According to Chadema, the Isles constitutional amendments affected the functions, jurisdiction and structure of the High Courts in Tanzania. Under the Union Judiciary structure, as provided in the Union constitution, appeals of cases from Zanzibar High Court are supposed to the forwarded to the Appeal Court, the highest court in the country.
“However under the amendments, Article 24 (3), all cases related to human rights would be determined by the Zanzibar High Court; they will not be taken to the Appeal Court of Tanzania,” said Lissu.
The amendments have also changed the structure of the Zanzibar government, as recognized by the Union Constitution.

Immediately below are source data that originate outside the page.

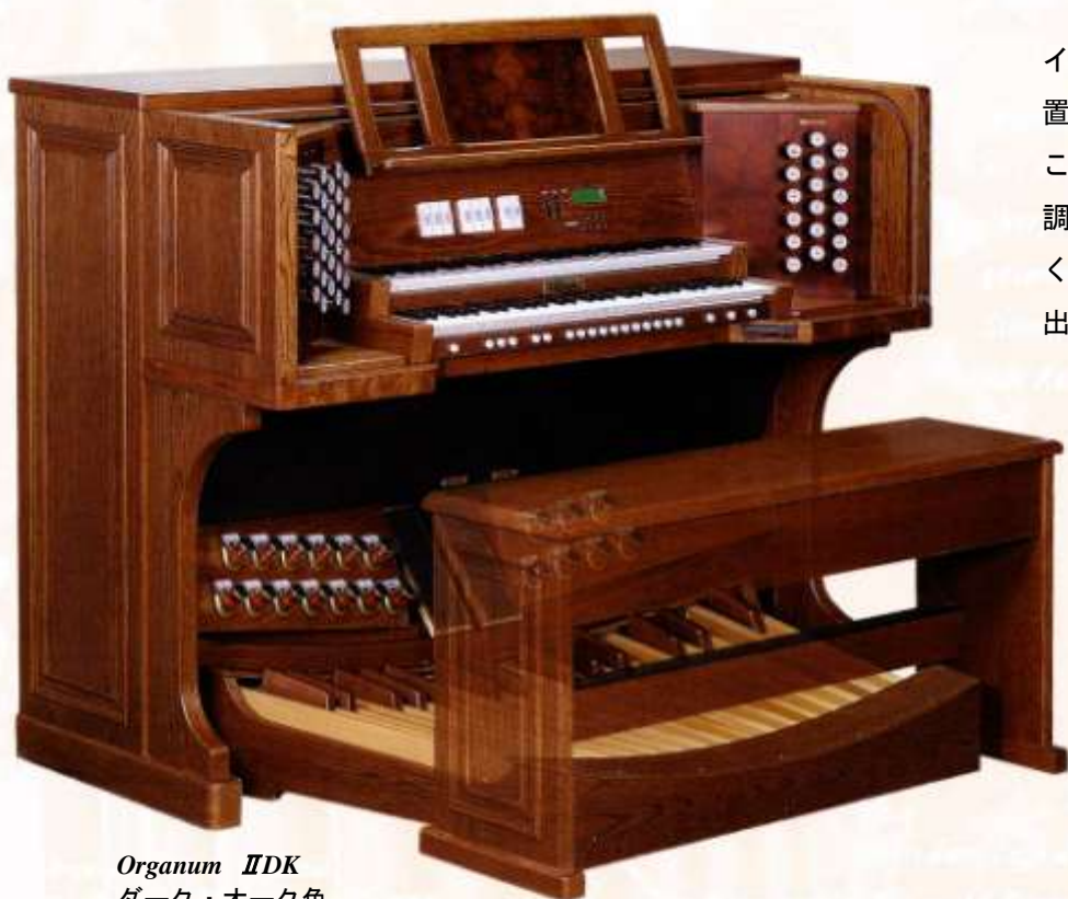
Organum IIDK ダーク・オーク色 BDO 規格 30 鍵ペダル平行・中凹

オルガナム・シリーズのすべてのオルガンでは、「 双方向プログラマー 」がお使いいただけます。この独自のリモコンユニットは、整音とセッティングにおいてとりわけ重要です。実際の聴取位置において、遠隔操作にてパラメーターを調整、変更することができます。
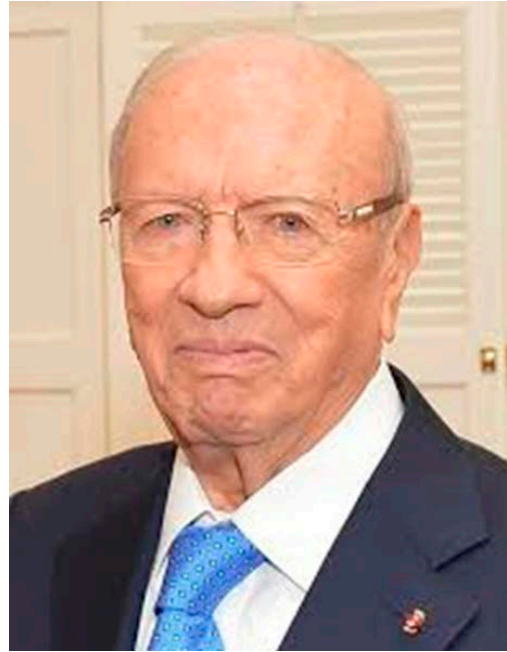
Presidente de la República: Beyi Caid Essebsi.

Quedaron en la oposición otras fuerzas como Machru Tunis, una escisión de Nida Tunis liderada por un ex consejero del Presidente de la República, Mohsen Marzuqi, o el Frente Popular, en el extremo izquierdo del arco parlamentario, liderado por Hama Hamami. En junio de 2017 se consumó una nueva escisión de Nida Tunis, integrándose varios de sus diputados en un nuevo partido, Túnez Primero. Fuera de la ARP, el ex primer ministro tecnocrático Mehdi Yoma lanzó en 2017 un nuevo partido, la Alternativa de Túnez. El ex presidente Moncef Marzuqi también ha tratado de impulsar un partido, la Voluntad de Túnez. El marcado retroceso de Al Takatul, que fue otro de los pilares de la transición, hace que el espacio
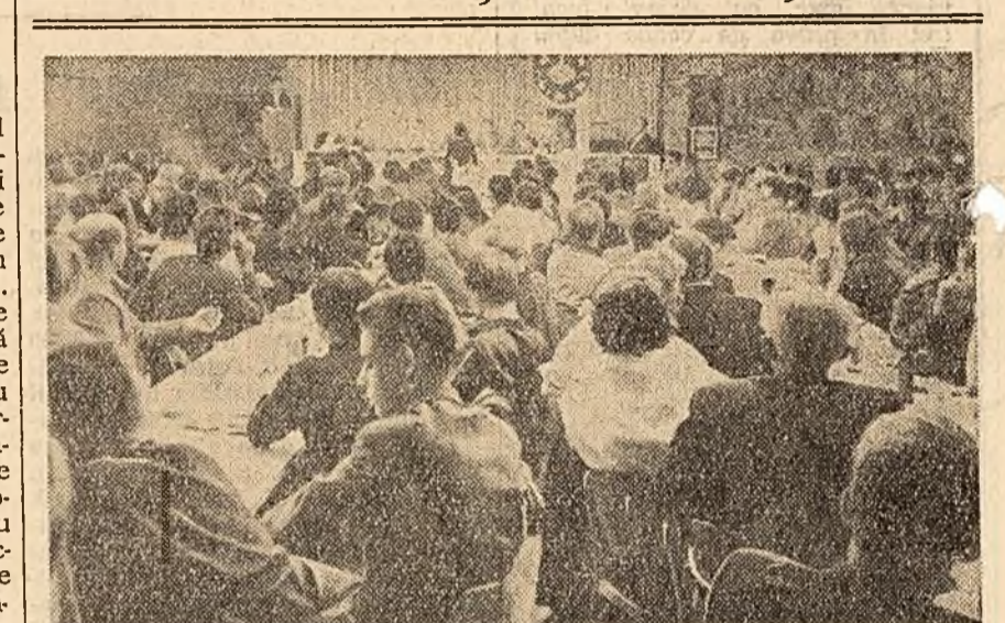
Recent, la Duseldorf (R.F.G.) a avut loc o intalnire a liderilor din oaraș. Tinerii au condamnat politica avventuristă și revanșardă a guvernului de la Bonn.
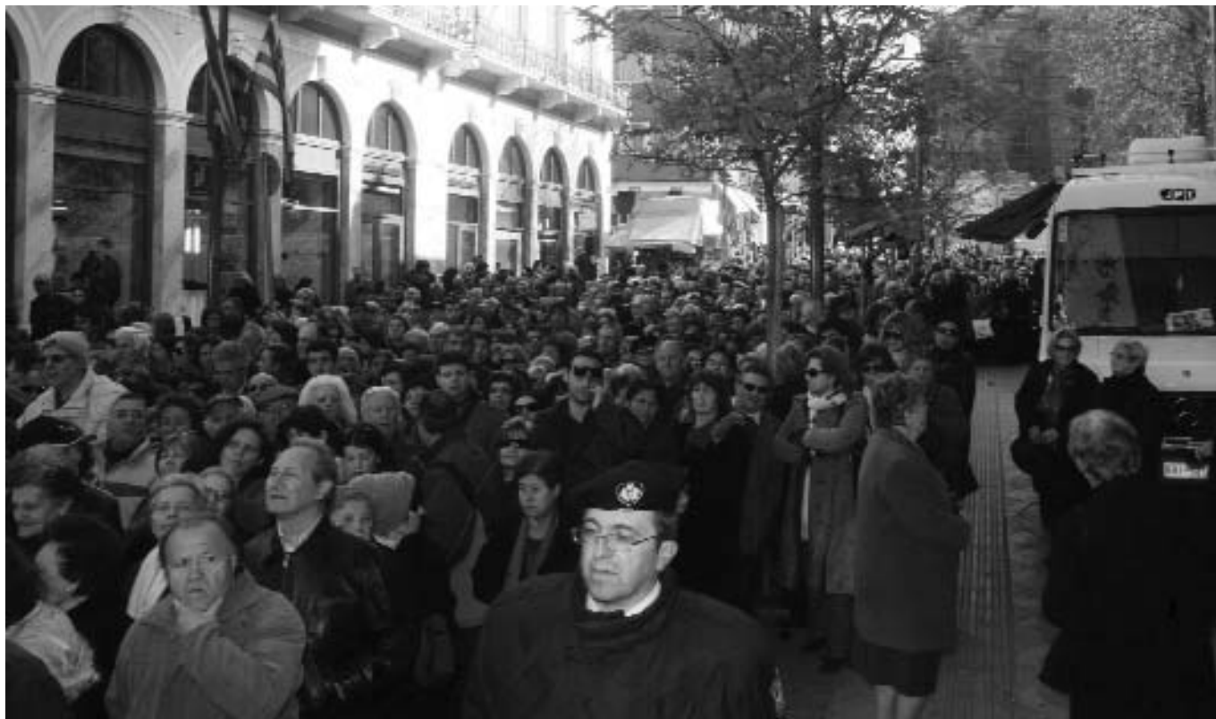
Στιγμιότυπο από τὸ μεγάλο πλῆθος κατὰ τὸ λαϊκὸ προσκύνημα τῆς σοροῦ τοῦ μακαριστοῦ Ἀρχιεπισκόπου Ἀθηνῶν καὶ πάσης Ἑλλάδος κυροῦ Χριστοδοῦλου.
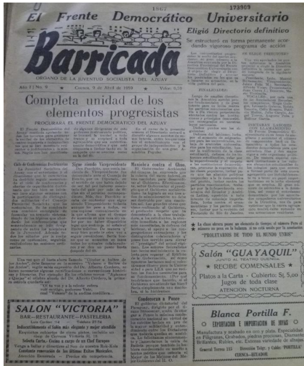
Imagen 18. Barricada
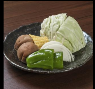
焼き野菜盛り合わせ
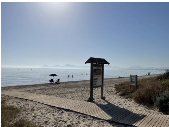
Playa de Muro
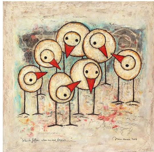
Figuur 1 De weg kwijt? Hans Innemee

U kunt er zelf een ander gesprek bij verzinnen. De plaats van de punten (ogen) en van de snavels zijn uitnodigend genoeg.
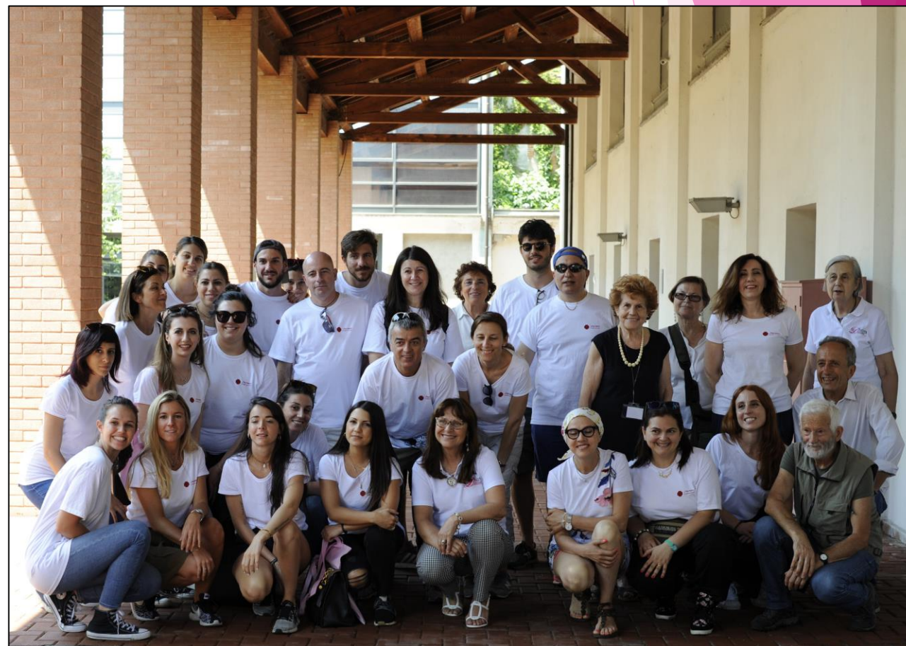
Charity Day, giornata di volontariato in Cascina Rosa e in Istituto Nazionale dei Tumori di Milano.
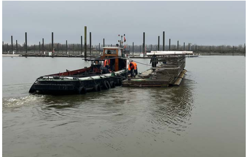
Der alte Ponton mit Optigarage verlässt den Hafen

Die dadurch frei gewordenen alten Kopfschlengel können wir natürlich gut in unserer Anlage verwenden. Der ehemalige Kopfschlengel M rutscht auf J, der dortige Stahlrohrschlengel kann nun der Betriebstechnik als Reparaturponton und Materialponton dienen. Kopfschlengel L soll einmal die Reihe zwischen dem Niedergang West und dem Kran verlängern. In dieser Reihe, direkt neben dem Niedergang, konnten wir außerdem den sehr alten und maroden Ponton durch den

Article 105 (1) (b) of the Union Constitution recognises the post of Zanzibar Chief Minister, who is one of the members of the Zanzibar House of Representatives. With the recent Isles constitutional amendments, Article 39 deleted the post of Chief Minister and introduced two new posts-First Vice President and Second Vice-President of Zanzibar.
The amended Zanzibar constitution violated the Union constitution, as it changed Article 52 (2) which talked about security agents anti-smuggling unit (KMKM), prisons and JKU, which were recognized by the Union constitution and put the agents under roof “Idara Maalum” (Special Department).
In an exclusive interview yesterday, Harold Sungusia, a lawyer from the Legal and Human Rights Centre, said: “The Isles constitutional amendments have vested more powers to the Zanzibar president in handling Isles affairs, and reduced powers of Union president in Zanzibar…On top of that, these changes disrupted, confused and contradicted many things in the management of Union issues.”
Contacted, Minister of Constitutional Affairs and Justice, Celina Kombani, declined to comment on the existing contradictions between the Zanzibar and Union constitutions, saying: “I am not concerned with the Isles constitutional amendments…ask the Isles constitutional minister…that is my comment.”